Rocky Mountain News, June 9, 2006

COLORADO AUTHORS

Small Doses of Arsenic

By Sylvia and Kevin Welner (Hamilton Books, $25.)

Grade: A

This engrossing memoir of an extraordinary woman's life in rural Czechoslovakia through two world wars and the Soviet occupation is testimony to the indomitable spirit of human beings.

When Tonca's son Jara immigrated to America, the 80-year-old woman began to include memories of her early life in letters to him. These letters, embellished with background information provided by Jara, have been smoothly edited by the Sylvia and Kevin Welner. From this marriage of memories emerges a picture of a life of deprivation and brutally hard labor.

Tonca writes of her childhood spent in a single room with her parents and five siblings. Illness and death were constant companions to everyone in the village; Tonca speaks of her mother,who was an invalid for years after the birth of her last child, and of the frequency of suicide in the area.

Educational opportunities were limited, especially for girls, and the grinding poverty forced every family member to work as soon as possible. Tonca writes frankly of jobs as a maid and a farm laborer, often under employers who paid little and provided only the flimsiest shelter and clothing against winter's bitter cold. She continued working menial, difficult jobs to support her two sons and herself after her husband died.

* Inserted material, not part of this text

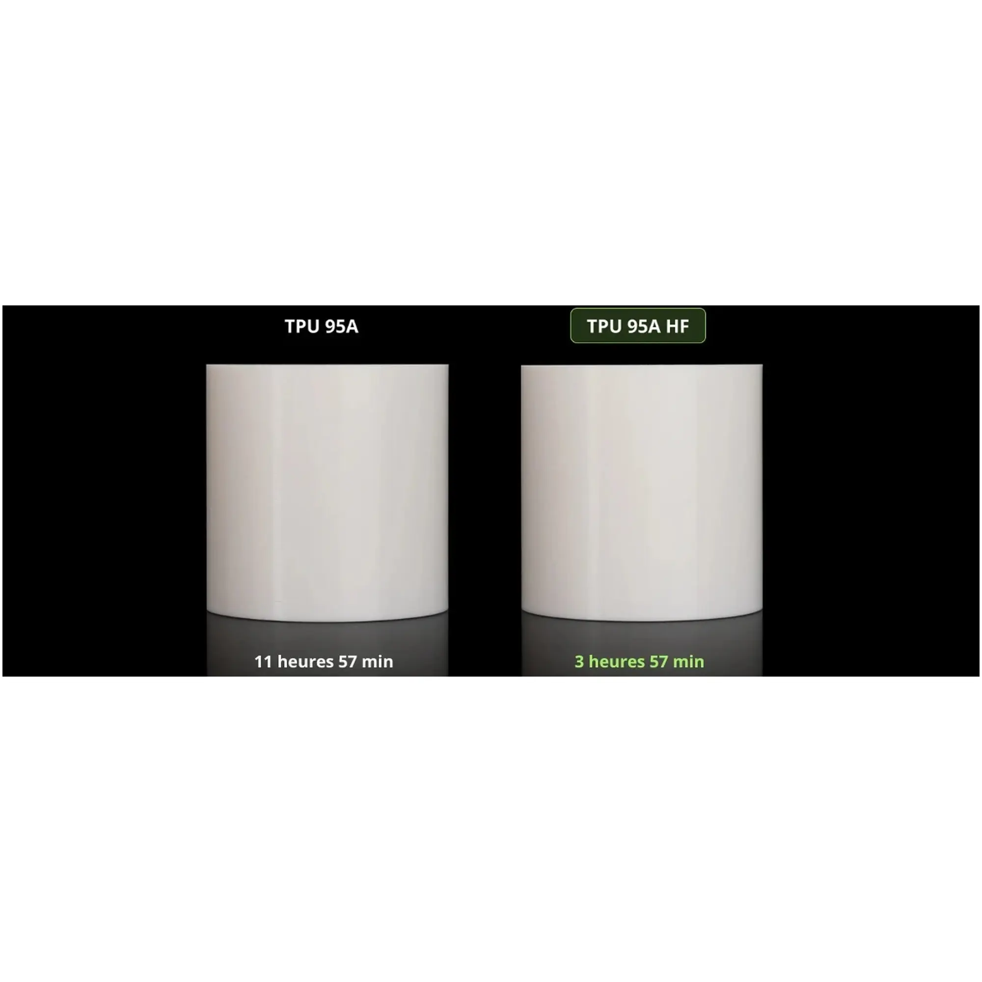 Матеріал вирізняється високою стійкістю до стирання, багаторазових згинань, вібрацій та впливу олив і вологи, тому він ідеально підходить для друку робочих компонентів, що потребують довговічності. TPU 95A чудово підходить для амортизуючих елементів, ущільнювачів, гнучких з’єднань, протекторів, захисних аксесуарів та інших деталей, що зазнають регулярних навантажень. Він легко витримує механічні впливи, не деформується під час повсякденного використання та зберігає свої властивості тривалий час.
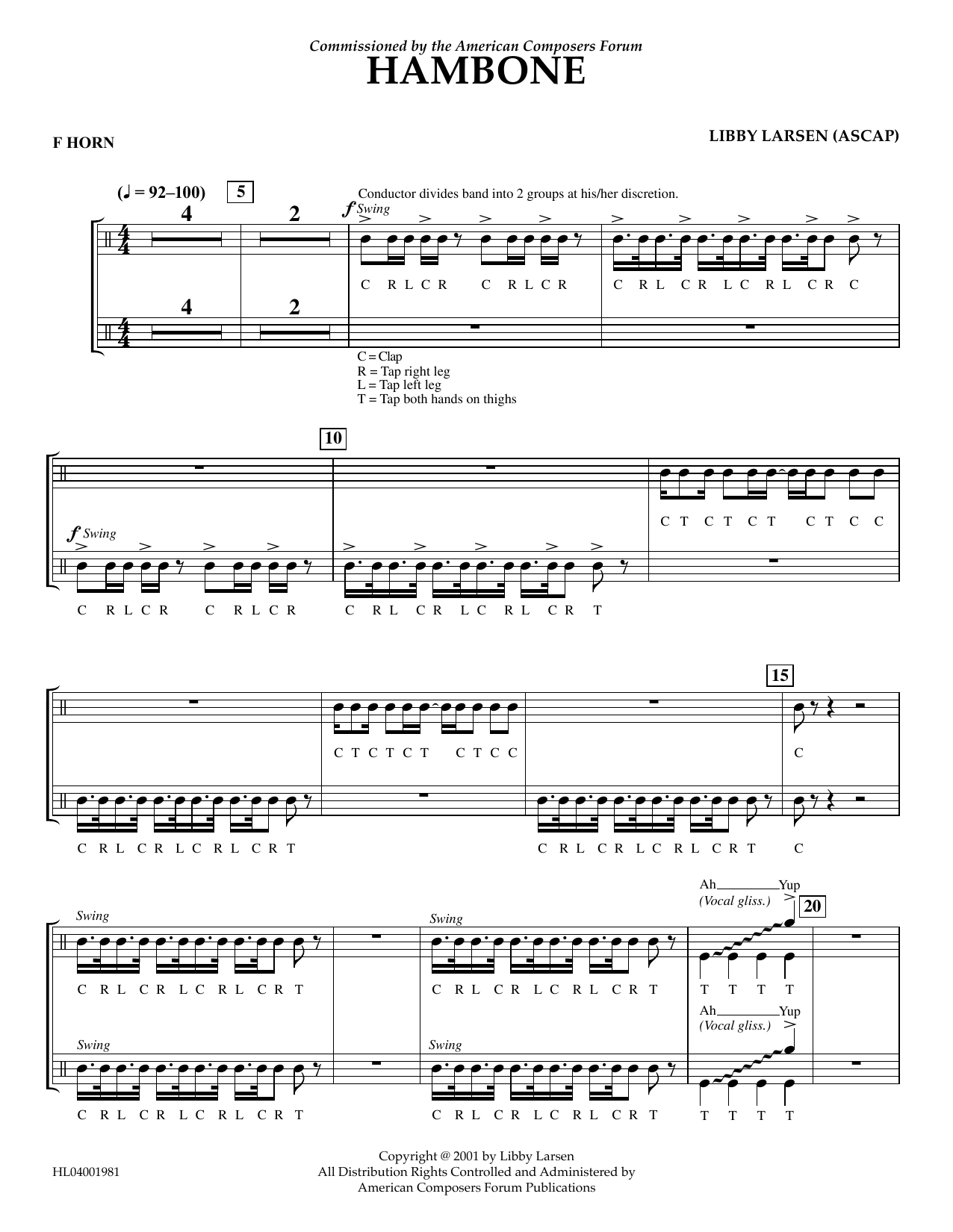 Download or print Libby Larsen Hambone - F Horn sheet music, chords and digital score arranged for Concert Band. This Concert score includes 3 page(s).

We learn of peasant conscription into the army for WWI and of the apathy of the men toward the Emperor (Czechoslovakia was still part of the Austro-Hungarian Empire). Nazi brutality and rationing during WWII worsened already difficult conditions, which continued to deteriorate under Communist rule.

Tonca's stark narration heightens the harsh existence she endured and increases our admiration for this indomitable woman who died in 2001 at the age of 96. This lively, absorbing account is more than a single woman's story; it's the story of an entire country and reveals how political events and movements affect ordinary people.